Plotting the results
We can now subset to only those unemployed for a year or more, and finally produce a plot.
df_plot <- df[df$DURATION == "UN5", ]
df_plot$obsTime <- as.numeric(df_plot$obsTime)
library(ggplot2)
qplot(data = df_plot, x = obsTime, y = obsValue, color = COUNTRY, geom = "line") +
labs(x = NULL, y = "Persons, thousands", color = NULL,
title = "Number of long-term unemployed men, aged 20-24")

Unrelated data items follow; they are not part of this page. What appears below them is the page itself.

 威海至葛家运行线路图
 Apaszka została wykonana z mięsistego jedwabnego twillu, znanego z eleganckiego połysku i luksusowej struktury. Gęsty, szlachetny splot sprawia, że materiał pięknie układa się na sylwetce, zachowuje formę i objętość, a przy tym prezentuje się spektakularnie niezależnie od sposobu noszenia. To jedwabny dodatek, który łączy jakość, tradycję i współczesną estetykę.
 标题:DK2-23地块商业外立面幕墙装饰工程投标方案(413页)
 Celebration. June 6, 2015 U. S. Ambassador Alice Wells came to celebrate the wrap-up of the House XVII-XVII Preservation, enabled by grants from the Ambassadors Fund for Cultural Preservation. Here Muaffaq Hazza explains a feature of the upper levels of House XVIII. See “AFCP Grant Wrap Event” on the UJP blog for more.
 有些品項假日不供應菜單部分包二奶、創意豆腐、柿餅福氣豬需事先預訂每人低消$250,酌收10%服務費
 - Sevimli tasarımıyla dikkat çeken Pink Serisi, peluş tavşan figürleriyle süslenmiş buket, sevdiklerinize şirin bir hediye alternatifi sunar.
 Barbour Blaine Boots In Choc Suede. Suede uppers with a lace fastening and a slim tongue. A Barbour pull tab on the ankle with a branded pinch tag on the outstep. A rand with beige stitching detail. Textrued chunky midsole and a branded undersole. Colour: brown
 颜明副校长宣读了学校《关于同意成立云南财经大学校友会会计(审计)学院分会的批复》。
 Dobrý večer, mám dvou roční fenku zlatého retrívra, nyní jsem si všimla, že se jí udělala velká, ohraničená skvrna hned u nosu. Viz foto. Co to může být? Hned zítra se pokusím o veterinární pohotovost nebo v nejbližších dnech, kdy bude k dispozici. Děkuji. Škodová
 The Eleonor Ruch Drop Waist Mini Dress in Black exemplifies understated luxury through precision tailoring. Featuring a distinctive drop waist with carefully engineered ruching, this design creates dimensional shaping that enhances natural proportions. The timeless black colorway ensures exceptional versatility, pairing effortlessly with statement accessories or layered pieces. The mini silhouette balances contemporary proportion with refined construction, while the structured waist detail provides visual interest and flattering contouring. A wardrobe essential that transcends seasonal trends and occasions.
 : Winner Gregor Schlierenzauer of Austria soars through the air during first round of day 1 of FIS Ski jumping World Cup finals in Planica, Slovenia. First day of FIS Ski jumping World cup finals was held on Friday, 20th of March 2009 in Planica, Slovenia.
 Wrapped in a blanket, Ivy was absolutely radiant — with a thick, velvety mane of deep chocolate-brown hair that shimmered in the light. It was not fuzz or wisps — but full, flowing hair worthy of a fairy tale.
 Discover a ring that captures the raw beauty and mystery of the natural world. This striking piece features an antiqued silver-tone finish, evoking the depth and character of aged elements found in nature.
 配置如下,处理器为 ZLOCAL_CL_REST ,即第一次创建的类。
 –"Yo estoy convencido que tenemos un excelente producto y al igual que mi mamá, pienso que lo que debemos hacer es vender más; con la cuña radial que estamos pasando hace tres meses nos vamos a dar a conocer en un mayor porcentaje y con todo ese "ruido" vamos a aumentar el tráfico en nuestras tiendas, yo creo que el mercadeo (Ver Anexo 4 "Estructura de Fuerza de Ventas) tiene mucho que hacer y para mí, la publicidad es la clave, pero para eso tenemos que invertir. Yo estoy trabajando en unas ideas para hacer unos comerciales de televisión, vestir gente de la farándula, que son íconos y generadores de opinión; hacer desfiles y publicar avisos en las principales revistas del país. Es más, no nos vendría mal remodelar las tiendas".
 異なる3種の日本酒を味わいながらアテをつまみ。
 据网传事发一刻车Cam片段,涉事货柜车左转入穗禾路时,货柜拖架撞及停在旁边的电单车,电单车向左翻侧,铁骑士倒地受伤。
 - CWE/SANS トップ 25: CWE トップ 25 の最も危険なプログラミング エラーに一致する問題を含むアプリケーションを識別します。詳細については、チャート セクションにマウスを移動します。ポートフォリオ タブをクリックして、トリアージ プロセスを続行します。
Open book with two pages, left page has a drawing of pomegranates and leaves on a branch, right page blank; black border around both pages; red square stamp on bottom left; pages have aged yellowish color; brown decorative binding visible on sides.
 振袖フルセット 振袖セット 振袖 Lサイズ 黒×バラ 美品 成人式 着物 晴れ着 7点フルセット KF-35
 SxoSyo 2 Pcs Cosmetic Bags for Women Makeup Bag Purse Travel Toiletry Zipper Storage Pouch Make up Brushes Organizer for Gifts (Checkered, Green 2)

If we want more in-depth information about a dataset (e.g. methodology,
exact definitions of variables, etc), browse_metadata
opens up a web
browser with the metadata for the requested series.
browse_metadata(dataset)
Alternative data-acquisition strategy
If one does not know exactly what data one is looking for, or if a data
set contains e.g. a large number of breakdowns, it is often easier to
first explore the data on the OECD stats
website and then use the oecd
package to make
the data acquisition programmatic and reproducible. The workflow would
then be as follows:
- Find the data set and apply relevant filters on the OECD website.
- Select “Export -> SDMX (XML)”
- Copy the generated filter expression (which follows directly after the data set name, see screenshot below).
- Insert this expression as the value to the
filter
argument of theget_dataset
function and set thepre_formatted
argument toTRUE
.
df <- get_dataset("PATS_REGION",
filter = "PCT_A.INVENTORS.BEL+BE10.TOTAL+BIOTECH",
pre_formatted = TRUE)
head(df)
## # A tibble: 6 x 9
## KINDPATENT KINDREGION REGIONS TECHNO TIME_FORMAT UNIT POWERCODE obsTime
## <chr> <chr> <chr> <chr> <chr> <chr> <chr> <chr>
## 1 PCT_A INVENTORS BEL TOTAL P1Y NBR 0 1977
## 2 PCT_A INVENTORS BEL TOTAL P1Y NBR 0 1978
## 3 PCT_A INVENTORS BEL TOTAL P1Y NBR 0 1979
## 4 PCT_A INVENTORS BEL TOTAL P1Y NBR 0 1980
## 5 PCT_A INVENTORS BEL TOTAL P1Y NBR 0 1981
## 6 PCT_A INVENTORS BEL TOTAL P1Y NBR 0 1982
## # ... with 1 more variable: obsValue <dbl>
Other information
The OECD API is currently a beta version and “and in preparation for
the full release, the structure and content of datasets are being
reviewed and are likely to
evolve”. As a result, the
OECD
package may break from time to time, as I update it to
incorporate changes to the API. If you notice a bug (or if you have
suggestions for improvements), please don’t hesitate to contact me or
send a pull request.
This package is in no way officially related to or endorsed by the OECD.